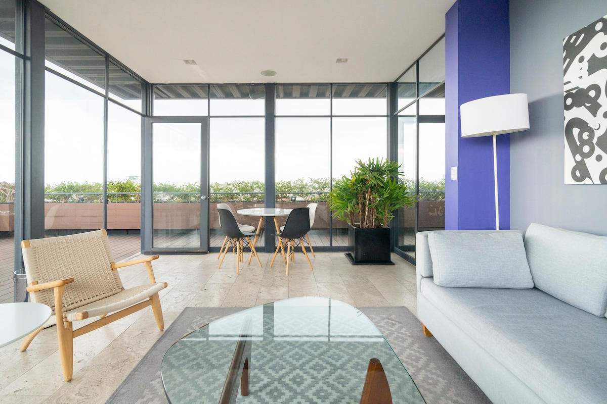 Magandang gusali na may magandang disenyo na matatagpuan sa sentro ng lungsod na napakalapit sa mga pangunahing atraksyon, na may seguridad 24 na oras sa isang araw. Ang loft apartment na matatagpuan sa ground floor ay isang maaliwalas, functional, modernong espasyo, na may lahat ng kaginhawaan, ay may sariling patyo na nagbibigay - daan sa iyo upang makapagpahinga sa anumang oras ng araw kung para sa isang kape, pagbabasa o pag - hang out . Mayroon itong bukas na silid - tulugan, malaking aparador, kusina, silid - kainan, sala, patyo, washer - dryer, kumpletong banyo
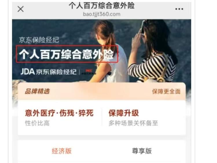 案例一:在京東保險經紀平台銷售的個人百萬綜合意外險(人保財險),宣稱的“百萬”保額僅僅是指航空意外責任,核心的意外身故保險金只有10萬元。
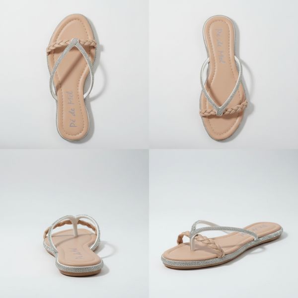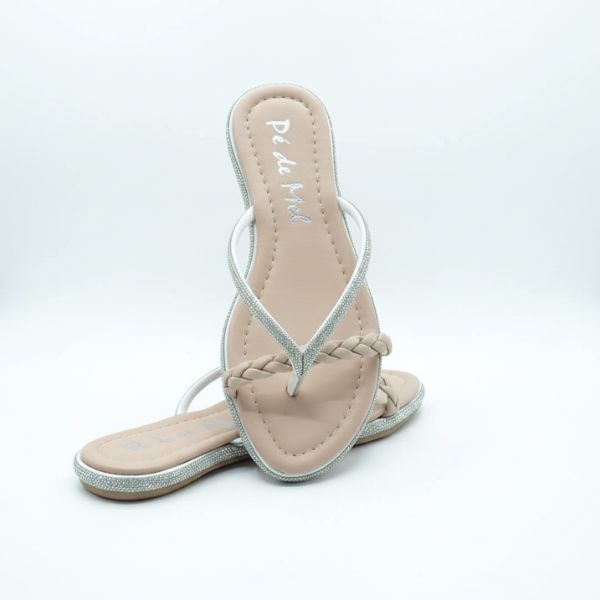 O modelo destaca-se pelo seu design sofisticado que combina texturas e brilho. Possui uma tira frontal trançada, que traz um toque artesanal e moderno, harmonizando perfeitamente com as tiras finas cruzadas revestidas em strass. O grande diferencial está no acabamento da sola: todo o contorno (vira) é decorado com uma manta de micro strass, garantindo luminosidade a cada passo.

━━━━━━━━━━━━━━━━

Task directions => Copy all of the listing word for word, minus the images.

Result for this task =>
 Magandang gusali na may magandang disenyo na matatagpuan sa sentro ng lungsod na napakalapit sa mga pangunahing atraksyon, na may seguridad 24 na oras sa isang araw. Ang loft apartment na matatagpuan sa ground floor ay isang maaliwalas, functional, modernong espasyo, na may lahat ng kaginhawaan, ay may sariling patyo na nagbibigay - daan sa iyo upang makapagpahinga sa anumang oras ng araw kung para sa isang kape, pagbabasa o pag - hang out . Mayroon itong bukas na silid - tulugan, malaking aparador, kusina, silid - kainan, sala, patyo, washer - dryer, kumpletong banyo
 案例一:在京東保險經紀平台銷售的個人百萬綜合意外險(人保財險),宣稱的“百萬”保額僅僅是指航空意外責任,核心的意外身故保險金只有10萬元。
 O modelo destaca-se pelo seu design sofisticado que combina texturas e brilho. Possui uma tira frontal trançada, que traz um toque artesanal e moderno, harmonizando perfeitamente com as tiras finas cruzadas revestidas em strass. O grande diferencial está no acabamento da sola: todo o contorno (vira) é decorado com uma manta de micro strass, garantindo luminosidade a cada passo.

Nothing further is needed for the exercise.